WeTICA is a binless weighted ensemble based enhanced sampling method to study rare event kinetics on a predefined linear CV space. It uses WEPY weighted ensemble software (https://adicksonlab.github.io/wepy/index.html) to run and store simulation data.
To start WeTICA weighted ensemble simulation, at least 4 major files are required. Example files are provided in the "Systems" folder of this repository.
- An equilibrated, neutrilize and solvated initial structure file in GROMACS .gro format.
- System topology file in GROMACS .top format.
- Target structure file in GROMACS .gro format.
- An eigenvector file in .txt format where each column represents one eigenvector.
- A file containing the pairwise selected atom ids in .txt format (Optional).
Note 1a. If AmberTools is used to prepare system and topology files, "amb2gro_top_gro.py" python script available in AmberTools can be used to convert the amber structure and topology to GROMACS format in the following way.
amb2gro_top_gro.py -p mol.prmtop -c mol.inpcrd -t mol.top -g mol.gro
Note 1b. If CHARMM-GUI is used to prepare system and topology, files in GROMACS format can be generated from there itself.
Note 2. Currently WeTICA framework supports two featurization schemes: 1) CA-CA atom pairwise distances ('allCA'), 2) User selected atom pairwise distances ('sel_pair'). To maintain consistency in calculations, both the eigenvector generation and the simulation should be performed using the same feature.
Note 3. 0 based selected atom ids are required for the 'sel_pair' featurization scheme. This file is not required for the 'allCA' feature.
First download the WEPY weighted ensemble software. Open the link provided below and follow the installation guide.
https://adicksonlab.github.io/wepy/_source/installation.html
Inside the "Scripts" folder of this repository, several python files are there. The main script is the WeTICA.py. Download all the python files from this folder and put them together inside a folder in the local machine or HPC. Activate the WEPY environment and run the WeTICA.py script with the necessary command line arguments as described below. Note that all the available arguments are not needed to specify explicitly. Many optional arguments are there with default values.
python WeTICA.py -h
-dire DIRE Full PATH of the directory containing system related input files
-num NUM Number of walkers [Optional, default=24]
-rid RID Run index
-steps STEPS Number of MD steps between two consecutive resampling processes [optional, default=10000 -> 20 ps]
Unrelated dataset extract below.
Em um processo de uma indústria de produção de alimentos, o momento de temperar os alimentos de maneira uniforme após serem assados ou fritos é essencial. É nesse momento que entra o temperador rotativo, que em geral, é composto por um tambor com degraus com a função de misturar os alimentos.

-cyc CYC Total number of cycles in each run [optional, default=20000]
-init INIT Starting structure file (GROMACS .gro format)
-top TOP System topology file (GROMACS .top format)
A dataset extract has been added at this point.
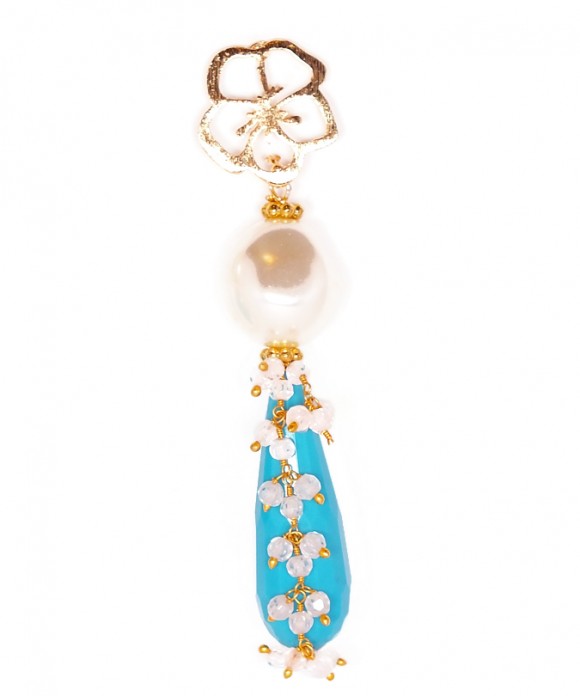 These earrings feature a Freshwater Pearl Nugget (16 mm) and a Turquoise Blue Faceted Jade Teardrop (40 x 15 mm), which is surrounded by a White Mini-Quartz Gold Filled Chain Cascade. The Flower Earstuds (20 mm) and the daisies are also Gold Filled.

-ref REF Target structure file (GROMACS .gro format)
-vec VEC Eigenvector file
-vid VID [VID ...] Eigenvectors to be used e.g 0-> 1st vector, 1-> 2nd vector, ...
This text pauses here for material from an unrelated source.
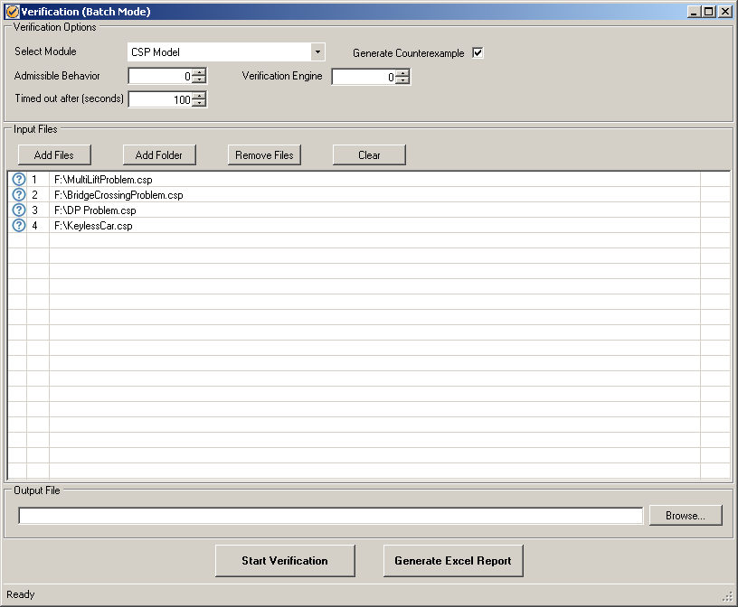 Batch Mode: Use this mode, you can get all the properties of a batch of model files verified with certain choices of options in one time. The whole verification result will be written into an output file you defined. These results can also be converted to excel files by clicking the button "Generate Excel Report".

-feat FEAT Select feature e.g 'sel_pair' or 'allCA'.'sel_pair'-> selected pairwise atom distances & 'allCA'-> pairwise CA-CA distances
-pair PAIR File containing indices of selected atoms [Optional, but required for 'sel_pair' feature]
-dist1 DIST1 Merge distance cut-off (unitless) [Optional, default=1.0]
-dist2 DIST2 Warped distance cut-off (unitless) [Optional, default=0.25]
-tem TEM Temperature in Kelvin [Optional, default=300]
-ngpu NGPU Number of available GPU cards
-gid GID [GID ...] GPU ids
This example showcases the use of WeTICA.py script to study the unfolding of Protein G using the first two eigenvectors (specified as: -vid 0 1) as the collective variables (CVs).
python WeTICA.py -dire Systems/protein_G -rid 1 -init folded.gro -top topol.top -ref unfolded.gro -vec eigenvectors.txt -vid 0 1
-feat sel_pair -pair atom_pairs.txt -ngpu 4 -gid 0 1 2 3 -tem 350
While the WE simulation is running, a new file named "Info_*.txt" will be generated alongside the main HDF5 file inside the same folder that contains the system related input files. Informations from this file can be used to monitor the progress of the simulation on-the-fly without opening the HDF5 file. Gradual decrease of the 'Clst walk. dist' value indicates the progress of the simulation. Is “Clst walk. dist” ≈ d_warp? If yes, there is posibility that some walkers reach the target. Now its time for convergence check as described below.
To compute the kinetic observables, a jupyter notebook is provided in the "Analysis notebooks" folder of this repository. Three major analysis tutorials are provided in this notebook as follows:
A) Convergence check
B) Mean first passage time (MFPT) calculation
C) Generation of WE productive trajectory
Open the notebook and follow the instructions to calculate the above mentioned quantities. No major a priori knowledge about the HDF5 file is required to run the notebook.